BEGIN

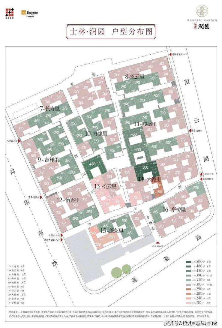 项目为纯粹低密合院社区,主力户型建面约210–500㎡,涵盖多种面积段,每栋“一户一定制”,无重复设计:
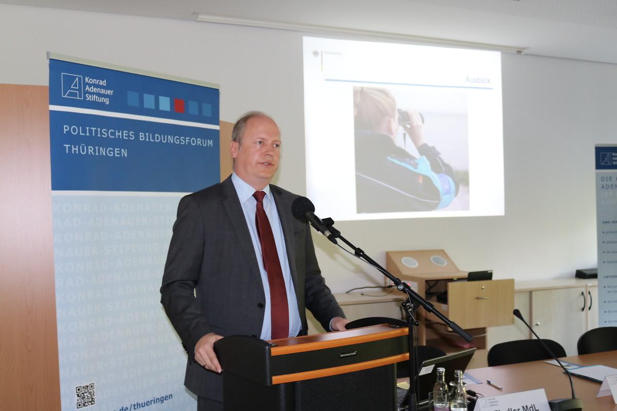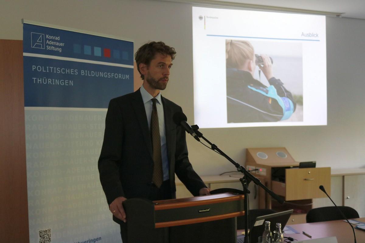 Alexander Fritsch, Leitender Polizeidirektor, Referatsleiter im Bundespolizeipräsidium für die EU-Zusammenarbeit, Frontex Angelegenheiten und Gemeinsame Zentren der Polizei und des Zolls, sowie Nikolaus von Peter, Politischer Referent in der Vertretung der Europäischen Kommission in Deutschland sprachen aus Expertensicht zum Thema. Die Landtagsabgeordneten Marion Walsmann MdL, Europapolitische Sprecherin der CDU-Fraktion im Thüringer Landtag und Wolfgang Fiedler MdL, innenpolitischer Sprecher der CDU-Fraktion im Thüringer Landtag zu Wort und äußerten sich zu Frontex aus einer regionalpolitischen Perspektive.
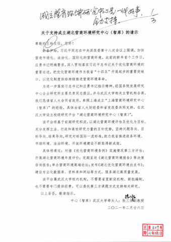 2021年2月,张三保副教授向时任湖北省人大常委会党组书记王玲副主任请示在永利官网设立校级研究平台“湖北营商环境研究中心(智库)”,获得王玲副主任肯定性批示:“成立营商环境研究中心是一件好事,全力支持”。
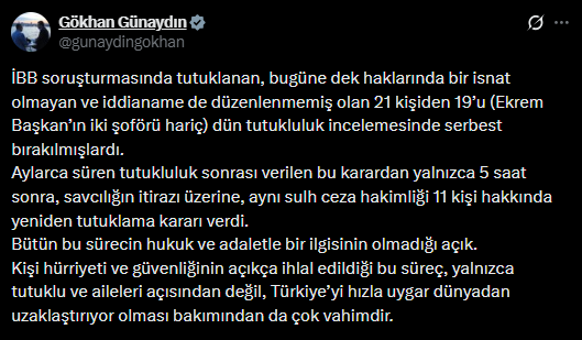 Günaydın, sosyal medya hesabından yaptığı açıklamada, tutuklanan kişilerin bugüne dek haklarında bir isnat olmayan ve iddianame de düzenlenmemiş olan 21 kişiden 19’unun (Ekrem İmamoğlu’nun iki şoförü hariç) dün tutukluluk incelemesinde serbest bırakıldığını belirtti.
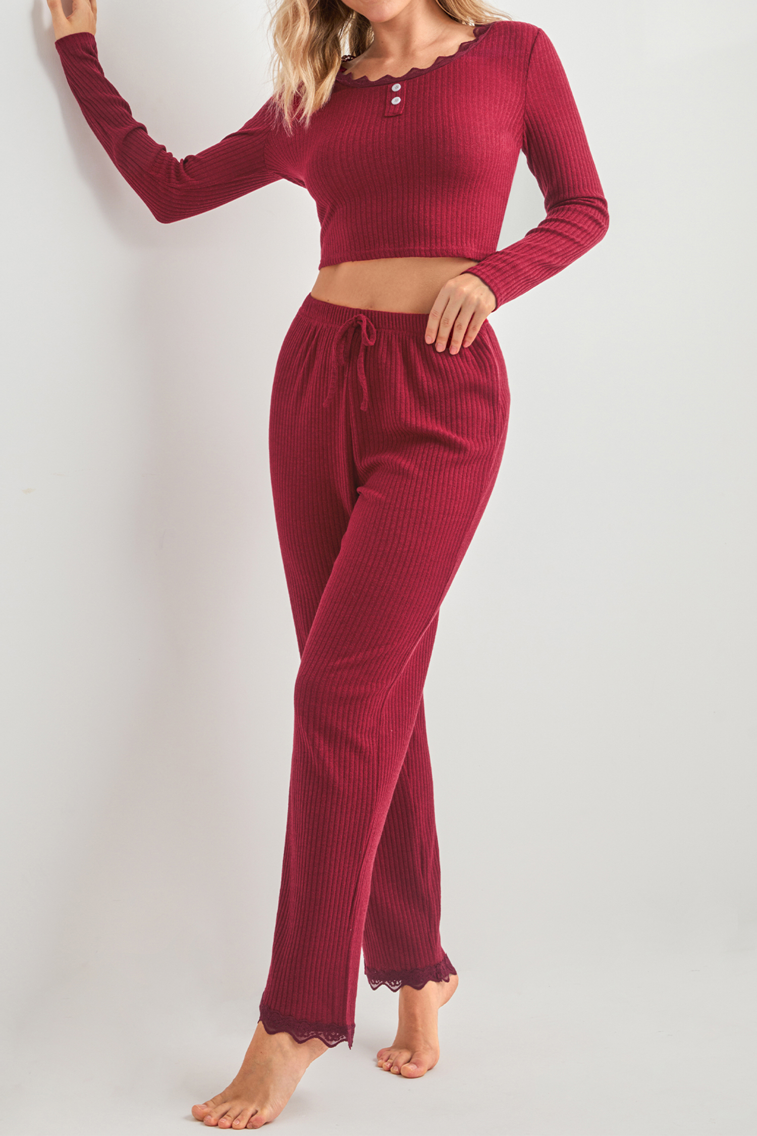 Ensemble pyjama haut à manches longues et pantalon rouge foncé
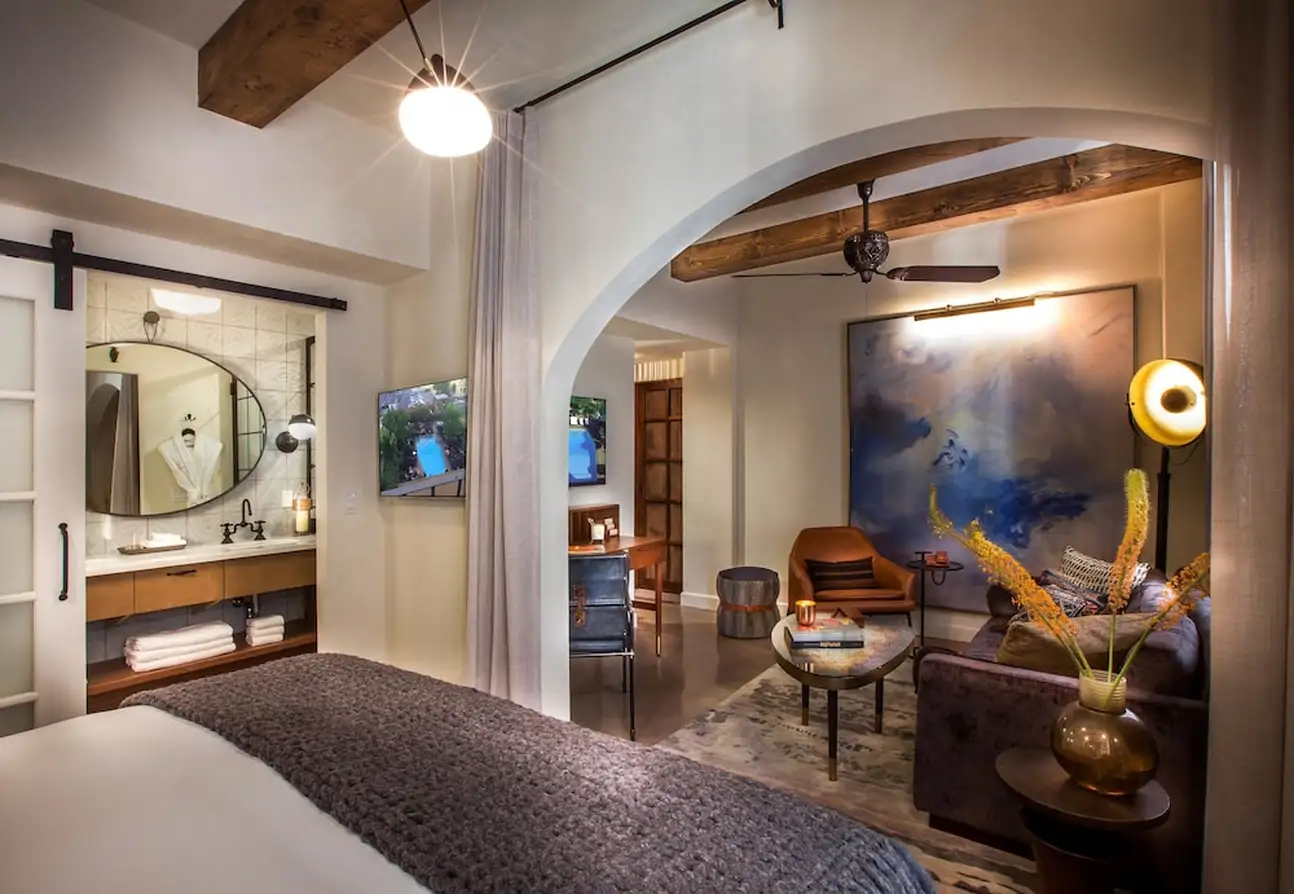 Au Figueroa, chaque chambre raconte une histoire différente. Si les ambiances et les couleurs sont très éclectiques, on retrouve néanmoins le même mélange d’influence hispanique, d’œuvres d’art et de touches résolument modernes. L’aménagement des salles de bains est particulièrement soigné.

END

WHAT YOU ARE ASKED TO DO ->
Your task is to copy word for word the lines from the line containing "Ensemble pyjama haut" to the end of the listing, both included, and to drop any pictures.

SOLUTION ->
 Ensemble pyjama haut à manches longues et pantalon rouge foncé
 Au Figueroa, chaque chambre raconte une histoire différente. Si les ambiances et les couleurs sont très éclectiques, on retrouve néanmoins le même mélange d’influence hispanique, d’œuvres d’art et de touches résolument modernes. L’aménagement des salles de bains est particulièrement soigné.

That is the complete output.